Feb 23, 2010

Campaign against eating disorders begins this week

by Karissa Sechrist

The pursuit of the perfect image has left women feeling insecure, and many take up unhealthy habits in an effort to control their lives or conform to the desired Barbie-doll shape. It is estimated that 10 percent of college women suffer from an eating disorder.

This week marks the National Eating Disorder Awareness Campaign, an effort to put the issue of eating disorders in the public eye. The Student Care Center and the Women’s Ministry Department has organized an exhibit to help inform students of the problem and how to help their friends who may struggle with a disorder. The campaign and exhibit will culminate with the Women’s Health and Wellness Seminar Feb. 25.

“Most people have known someone who struggles with an eating disorder.
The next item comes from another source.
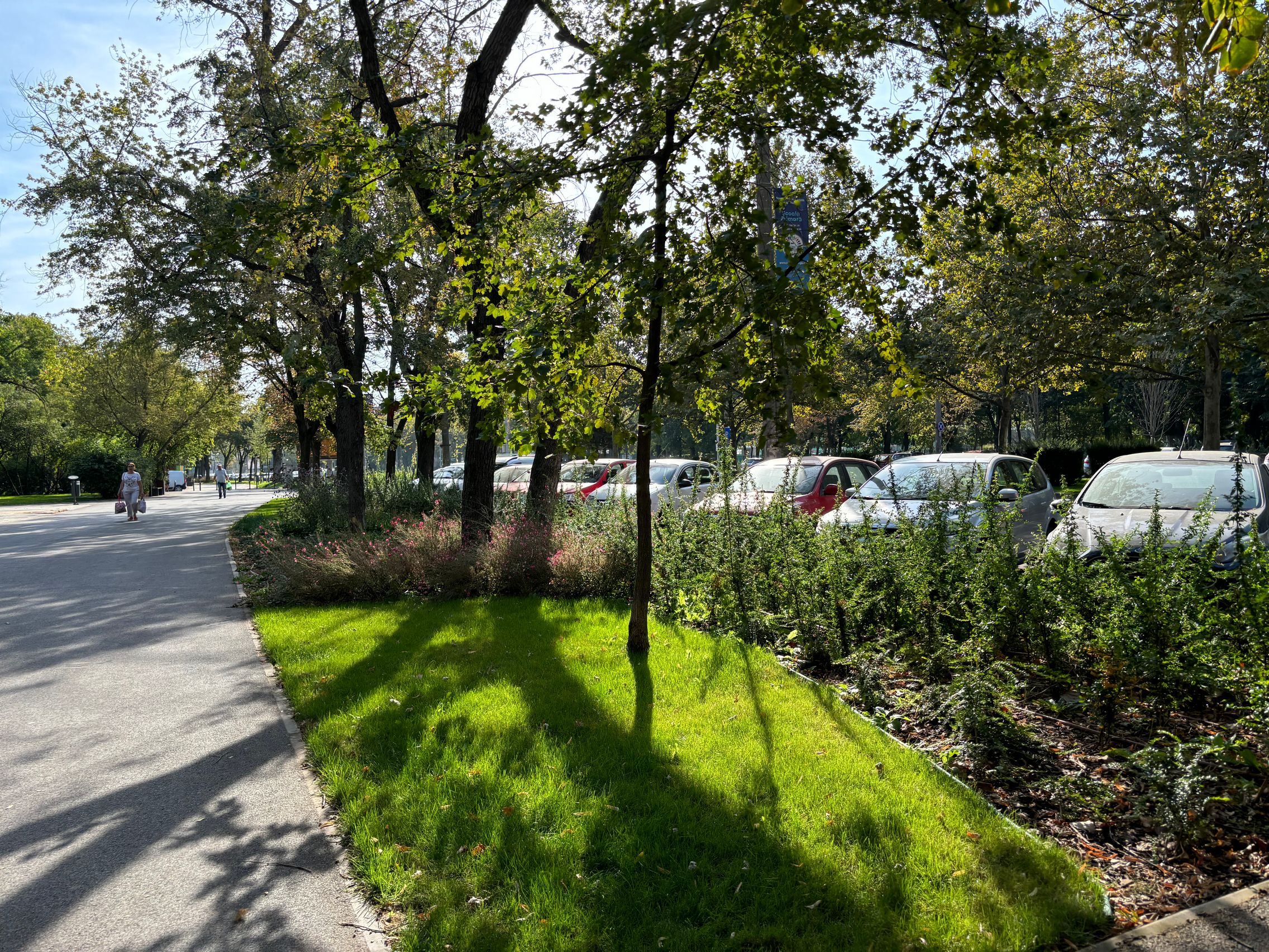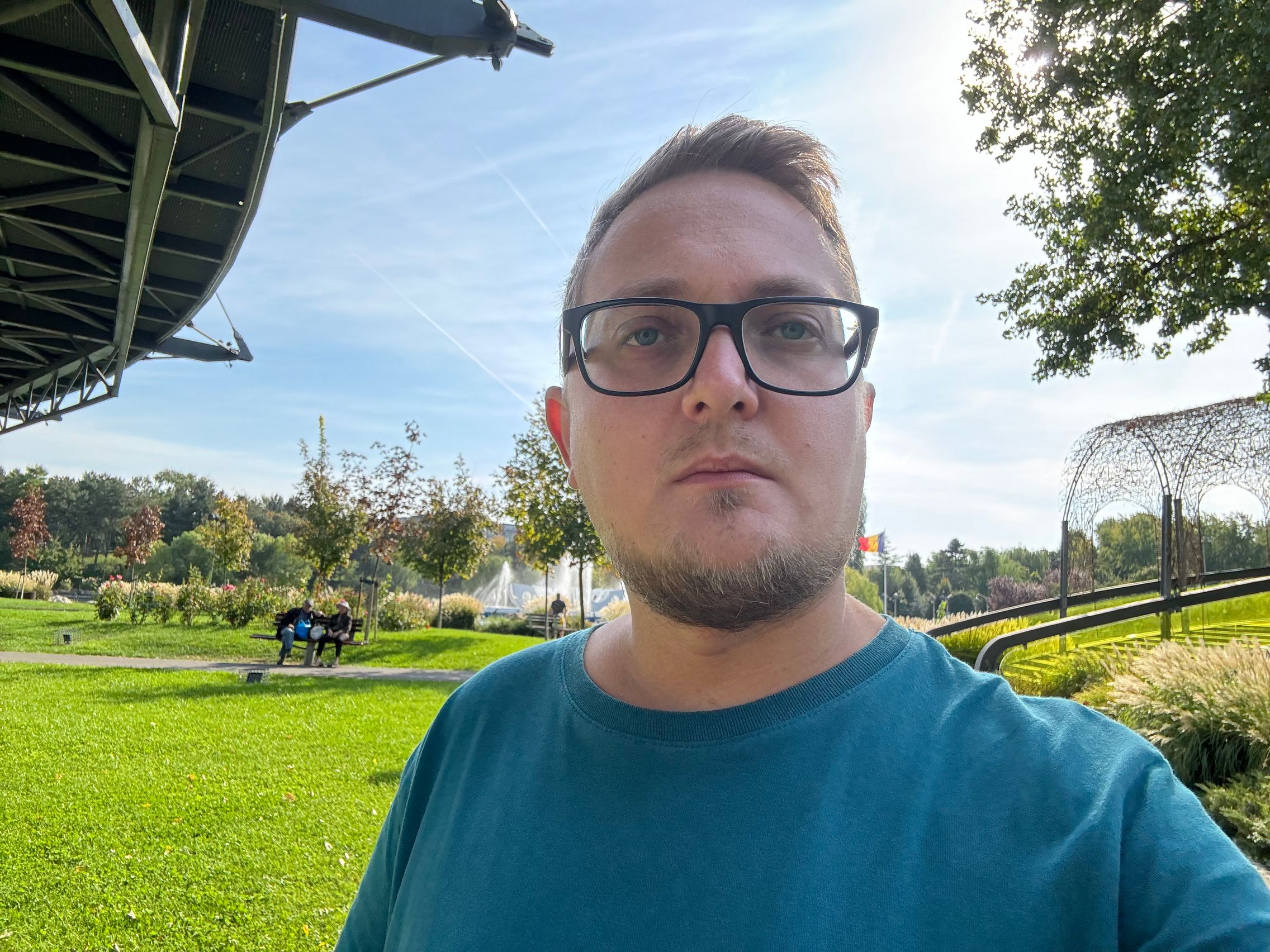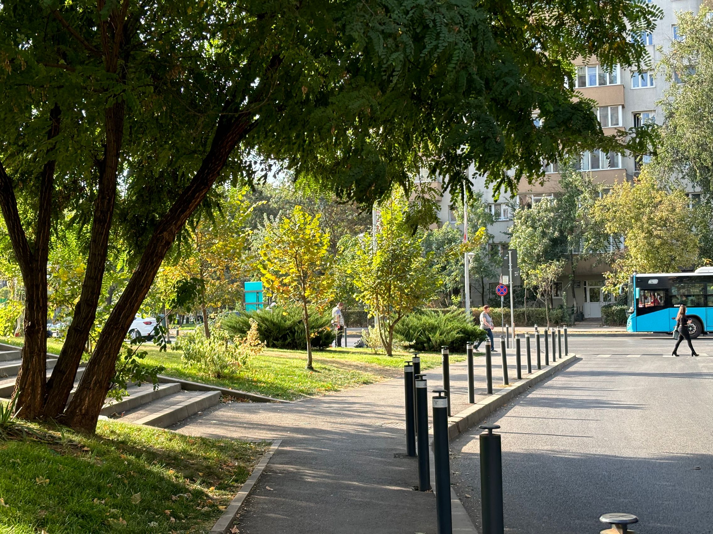 Aruncăm o privire și asupra culorilor surprinse de camera lui iPhone 15, nuanțe naturale și pe alocuri ceva supraexpunere pe zonele cu iarbă un soarele arzător de toamnă ne poate păcăli că este de fapt primăvară, când nu este cazul. Sunt multe fotografii colorate ca exemplu, inclusiv suprafețe din sticlă colorată unde poți vedea modul în care au fost surprinse, sau literele din Drumul Taberei plus semne de circulație de un roșu excelent. Din punctul meu de vedere, rezultatele sunt ideale pentru postat online, fără nevoia de editare.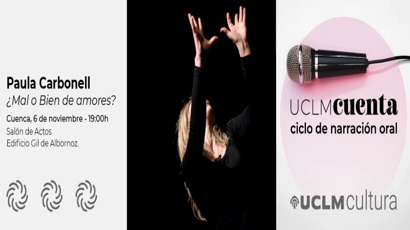 El próximo 6 de noviembre a las 19:00 horas, el Salón de Actos del Edificio Gil de Albornoz acogerá una nueva cita del ciclo de narración oral “UCLM Cuenta Cuenca”, que en esta ocasión contará con la reconocida narradora Paula Carbonell y su propuesta titulada “¿Mal o bien de amores?”.

This is a way to see how it relates to both male and female college students,” Life Skills Coordinator Janet Brown who will oversee the exhibit said.

The 10-minute, walk-through exhibit will follow the stages of an eating disorder. Brown explained that both men and women may develop eating disorders, and these may or may not be obvious in their daily habits.

Men who are involved in a sport with weight limits often feel pressure to keep their weight at a certain level to be competitive.
Women statistically suffer from eating disorders more often than men, and may do so for many reasons including issues with image, control and identity. If a woman feels that she is losing control of the events in her life, she may become overly controlling of her eating habits as a response.

The Student Care Center has organized several awareness campaigns throughout the year. This is the 2nd annual National Eating Disorder Awareness Campaign at Liberty.

Brown encourages students to refer friends in need to the Student Care Center. The center does not have licensed counselors, but can help students find counselors or mentors for various problems.

“It’s a process, not just something that happens overnight. You can talk to the individual, and see what is going on in his or her life. You can also talk to your RAs, for the purpose of care and showing love and concern for that student,” Brown said.

The exhibit, entitled “Expressions from the Inside Out,” will take place Feb. 23-25. The exhibit is open from 9 a.m. to 4 p.m. in the School of Religion, room 126.